From the looks of your find, I think this should work:

ln -s /usr/lib/libnfnetlink.so.0.2.0 /usr/lib/libnfnet1

Or:

ln -s /usr/lib/libnfnetlink.so.0.2.0 /usr/lib/libnfnetlink.so.1

Depending on what the actuall error you get back is, it will generally tell you the exact name of the libraray it’s looking for.

I wrote about this in my blog too, and some stuff was copied from your site. I hope you don’t mind. I left credits at the bottom. Just wanted to shed some sunlight on moblock. I’m loving it. Thanks for the help with configuring it btw. 🙂

I followed the steps listed but for some reason the install doesn’t work, when I put in the command:

sudo apt-get install moblock-nfq

I get this back:

The following packages have unmet dependencies:
moblock-nfq: Depends: libnfnetlink1 (>= 0.0.16) but it is not installable
E: Broken packages

any suggestions?

@n0xie ip Spoofing is only good for outdated smurf attacks. Sessions cannot be finished with a spoofed ip, atleast not for the one doing the spoofing. Learn a bit of security before spewing false infol

installed per your instruction on Intrepid. test passed. my question is… does this need to be started in terminal every time i boot, or does it run in the background automatically from now on?
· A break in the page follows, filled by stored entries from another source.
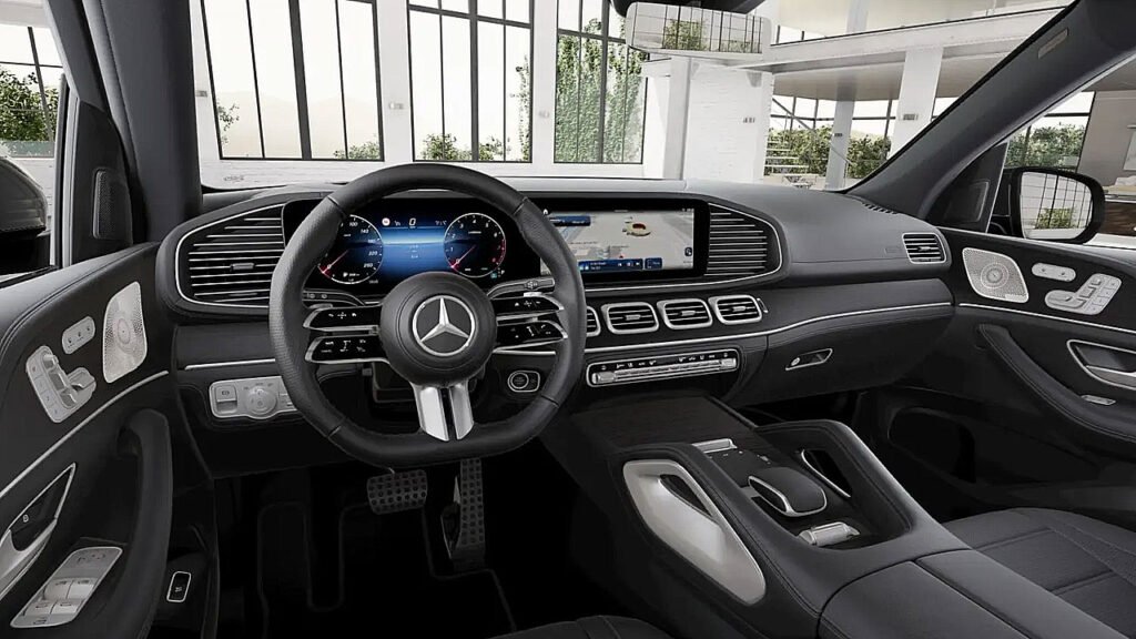 No interior, o GLS 450 prioriza acabamento refinado e conforto para os ocupantes. A cabine conta com apliques em madeira e volante revestido em couro Nappa. Os bancos dianteiros oferecem regulagens elétricas, além de sistemas de aquecimento e climatização. O modelo também traz pacote de aquecimento e conforto e ar-condicionado digital com quatro zonas independentes de temperatura.
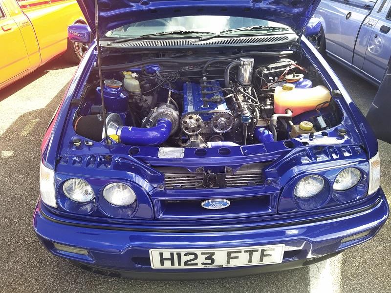 Procházíme se dále - aut bylo tolik,že jsme nevěděli, kam se dřív dívat. Samozřejmě, že v hledáčku jsem měl to nejoblíbenější a to Sierru RS500 Cosworth v sériovém stavu a byl jsem zvědavý, jestli najdeme letos i nějako závodní. Asi mám na to auto opravdu "čuch" , našel bych ho snad i po tmě. Našli jsme je na vyvýšené ploše - dvě krásné RS500 za sebou - černá a bílá. Doslova pastva pro oči, auto, které zbožňuju, chci a kterého se neskutečně bojím. Stepoval jsem kolem nich opravdu dlouho, ale bylo potřeba se pohnout dál, protože na objevování toho bylo stále moc. O kousek dál pro změnu "jen" dvojice RS Cosworth v černé a krásné Moonlight modré barvě. Dále zde byla dvojice Escort RS Cosworth. Opravdu nádherné byly Fiesty XR2 nebo Escort RS Turbo. O kus dál byla zajímavá sekce, kterou jsme před dvěma lety neviděli - byla zde sekce off roadů - na co si vzpomenete od Rangerů, přes F150tky a dokonce i od výkonostních úpravců - upřímne, je zvláštní vedle toho stát a dívat se na ty monstra.
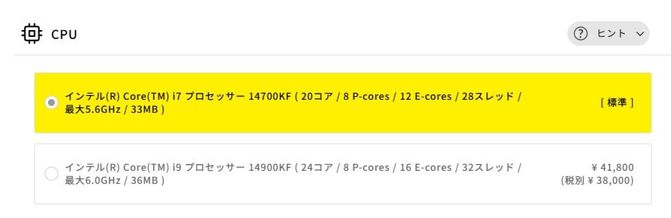 上位のCore i9-14900KF(24コア/32スレッド/最大6.0GHz)は+41,800円(税込)で選択可能ですが、ゲーム性能の差はわずかです。4K動画の大量エンコードや本格的な3DCG制作など、極めて重いマルチスレッド処理を日常的に行う方以外は、コストパフォーマンスに優れる標準のi7をおすすめします。
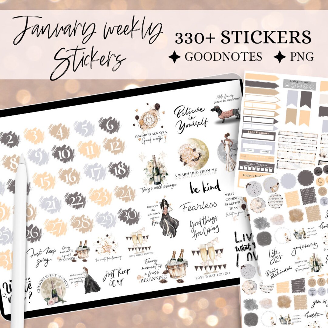 January GOODNOTES STICKER, New Year Digital Sticker, Digital Journaling ...
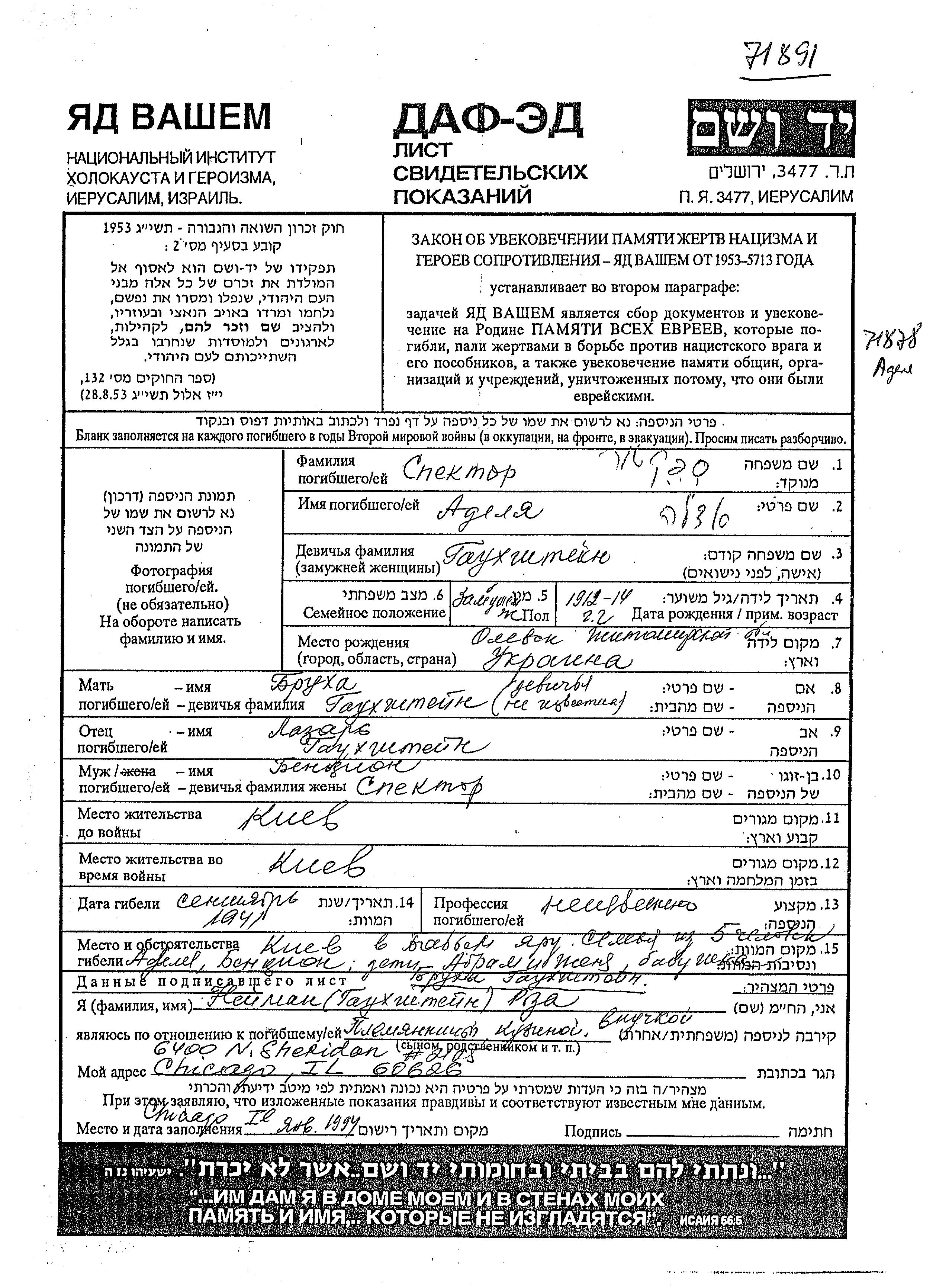 Zhenia Spektor wurde Er/sie war der/ die Sohn/Tochter von Ben Tzion und Adelia, geb. Gaukhshtein. Er/Sie war Kind. Vor dem Zweiten Weltkrieg er/sie in Kiev, Ukraine (UdSSR). Während des Krieges war er/sie in Kiev, Ukraine (UdSSR).

Verily, the blessings of His Noodliness shall devolve upon thee and thy progeny whom thou schoolest within the ways of the Sauce. For thou shalt righteously provide wisdom to the mind, and carbohydrates towards the body, by following the path of the Spaghedeity, and thy children shall learn the joys of fettucini and tiramisu, and shall rise up and call thee Blessed.. . RAmen!